Drop every picture, then transcribe the remaining data exactly.

*** Opening of Data ***

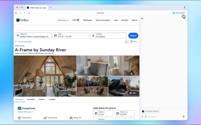 Una de las funciones que más define a ChatGPT Atlas es su barra lateral integrada (sidebar) con ChatGPT contextual. Esta barra permanece accesible mientras navegas, lo que te permite hacer preguntas sobre la página actual: pedir resúmenes, pedir que te explique tablas, pedir comparaciones de productos, o interpretar datos sin tener que salir de la página.
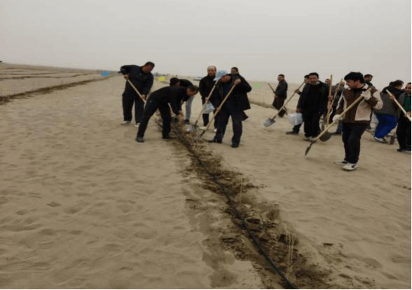 上午10时许,植树现场一派热火朝天的劳动景象。我校干部职工们热情高涨、干劲十足,严格遵循科学种植规范,按照“三埋二踩一提苗”的技术步骤,挥锹铲土、扶树填坑、培土围堰,每一个环节都一丝不苟、配合默契。大家分工协作,有的搬运树苗,有的扶正定根,有的挥锹培土,现场井然有序。经过一整天的辛勤劳动,累计完成1050余米种植带的铺设,一株株沙枣树苗在沙漠边缘整齐挺立,为广袤的防沙治沙项目区增添了盎然绿意。
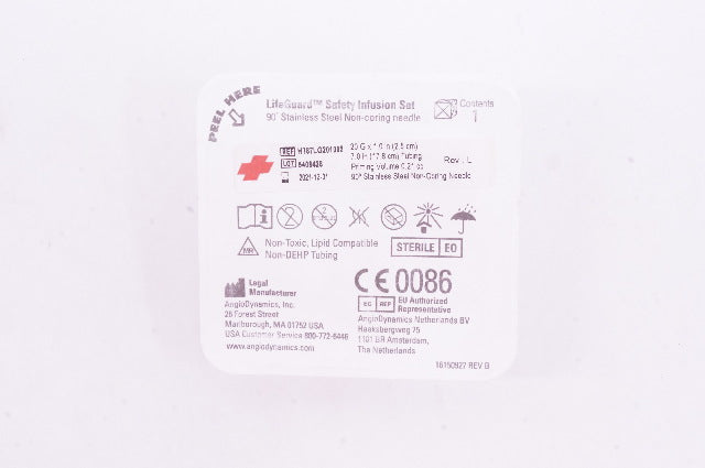 AngioDynamics H787LG201005 LifeGuard Safety Infusion Set 20G x 1.0inch
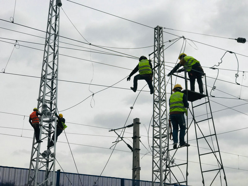 據(jù)悉,從9:25時到11:55時,在電氣化公司安質(zhì)部部長張華、安質(zhì)部高工趙秀紅和業(yè)主代表、總監(jiān)、安塘站等領(lǐng)導(dǎo)以及項目領(lǐng)導(dǎo)班子的指導(dǎo)和盯控下,現(xiàn)場管理人員與施工人員齊心協(xié)力,爭分奪秒,克服作業(yè)面窄小,交叉施工多,既有線安全風(fēng)險高,施工難度大等諸多困難。經(jīng)過了150分鐘的有序施工,完成接觸網(wǎng)支柱組立5根,倒錨1處,軟橫跨架設(shè)2組,回流線間架安裝及倒安子3處,拆除既有鋼柱2根,使節(jié)點目標(biāo)節(jié)節(jié)兌現(xiàn),打了一場漂亮的攻堅仗,在有限的時間內(nèi)順利完成了本次天窗施工任務(wù)。施工完畢后,項目安全防護員對現(xiàn)場內(nèi)外進行仔細檢查確認,對施工廢棄物、遺留工具或垃圾及時清理干凈,組織人員安全撤出,為本次天窗施工畫上圓滿的句號。
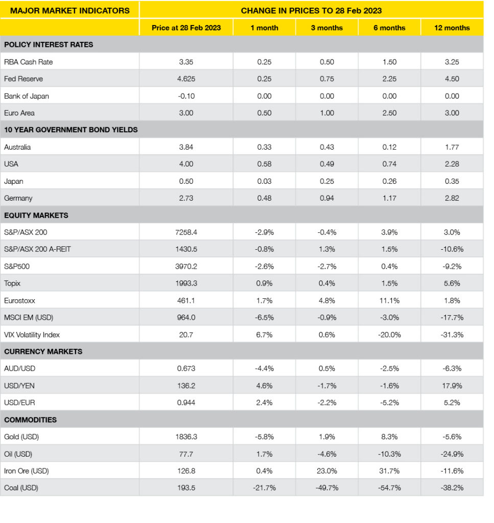 - It’s still largely about the USA and the belief that inflation is persisting longer than previously indicated. This means cash rates are going higher and the Federal Reserve Bank’s determination to slow the US economy is getting stronger. This meant bond yields increased again (therefore prices went down) and some fear returned to sharemarkets and recently declined.

*** Close of Data ***

> Result of the task:
 Una de las funciones que más define a ChatGPT Atlas es su barra lateral integrada (sidebar) con ChatGPT contextual. Esta barra permanece accesible mientras navegas, lo que te permite hacer preguntas sobre la página actual: pedir resúmenes, pedir que te explique tablas, pedir comparaciones de productos, o interpretar datos sin tener que salir de la página.
 上午10时许,植树现场一派热火朝天的劳动景象。我校干部职工们热情高涨、干劲十足,严格遵循科学种植规范,按照“三埋二踩一提苗”的技术步骤,挥锹铲土、扶树填坑、培土围堰,每一个环节都一丝不苟、配合默契。大家分工协作,有的搬运树苗,有的扶正定根,有的挥锹培土,现场井然有序。经过一整天的辛勤劳动,累计完成1050余米种植带的铺设,一株株沙枣树苗在沙漠边缘整齐挺立,为广袤的防沙治沙项目区增添了盎然绿意。
 AngioDynamics H787LG201005 LifeGuard Safety Infusion Set 20G x 1.0inch
 據(jù)悉,從9:25時到11:55時,在電氣化公司安質(zhì)部部長張華、安質(zhì)部高工趙秀紅和業(yè)主代表、總監(jiān)、安塘站等領(lǐng)導(dǎo)以及項目領(lǐng)導(dǎo)班子的指導(dǎo)和盯控下,現(xiàn)場管理人員與施工人員齊心協(xié)力,爭分奪秒,克服作業(yè)面窄小,交叉施工多,既有線安全風(fēng)險高,施工難度大等諸多困難。經(jīng)過了150分鐘的有序施工,完成接觸網(wǎng)支柱組立5根,倒錨1處,軟橫跨架設(shè)2組,回流線間架安裝及倒安子3處,拆除既有鋼柱2根,使節(jié)點目標(biāo)節(jié)節(jié)兌現(xiàn),打了一場漂亮的攻堅仗,在有限的時間內(nèi)順利完成了本次天窗施工任務(wù)。施工完畢后,項目安全防護員對現(xiàn)場內(nèi)外進行仔細檢查確認,對施工廢棄物、遺留工具或垃圾及時清理干凈,組織人員安全撤出,為本次天窗施工畫上圓滿的句號。
 - It’s still largely about the USA and the belief that inflation is persisting longer than previously indicated. This means cash rates are going higher and the Federal Reserve Bank’s determination to slow the US economy is getting stronger. This meant bond yields increased again (therefore prices went down) and some fear returned to sharemarkets and recently declined.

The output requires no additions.